The JIM was unable to determine responsibility in six cases it examined, and noted that further investigation was needed in three of those. Human Rights Watch has investigated many of these incidents and determined that available evidence pointed to Syrian government responsibility. The JIM continues to receive allegations and information about recent attacks with chemical weapons in Syria.

The Security Council should renew the joint inquiry’s mandate to allow it to continue its investigation into these and other allegations of chemical weapon attacks in Syria. Extending the JIM’s mandate would put all parties on notice that their leaders could be held liable as a matter of command responsibility for chemical weapon crimes their forces take part in, Human Rights Watch said.
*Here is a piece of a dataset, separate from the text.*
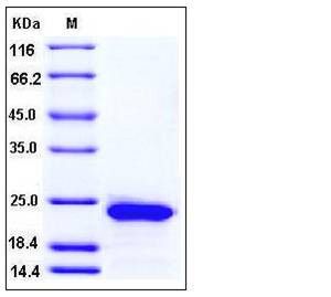 The recombinant rat RBP4 comprises 194 amino acids and predicts a molecular mass of 22.8 kDa. The apparent molecular mass of the rat RBP4 is approximately 24 kDa in SDS-PAGE under reducing conditions.
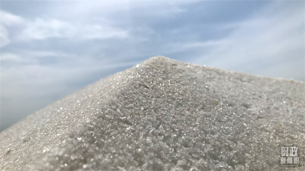 △鹽湖出產(chǎn)的河?xùn)|大鹽。(總臺(tái)央視記者石偉明拍攝)

The Chemical Weapons Convention, which Syria ratified on October 14, 2013, prohibits attacks that use industrial chemicals such as chlorine as a weapon. Among other obligations, each member country agrees never to “assist, encourage or induce, in any way, anyone to engage in any activity prohibited to a State Party under this Convention.” The laws of war applicable in Syria prohibit the use of chemical weapons. The use of prohibited weapons with criminal intent, that is deliberately or recklessly, is a war crime.

“Russia and China don’t have a leg to stand on by continuing to obstruct the Security Council on Syria sanctions and an ICC referral,” said Louis Charbonneau, UN director at Human Rights Watch. “The Security Council diminishes its importance if it doesn’t take strong action against demonstrated use of chemical weapons by the Syrian government.”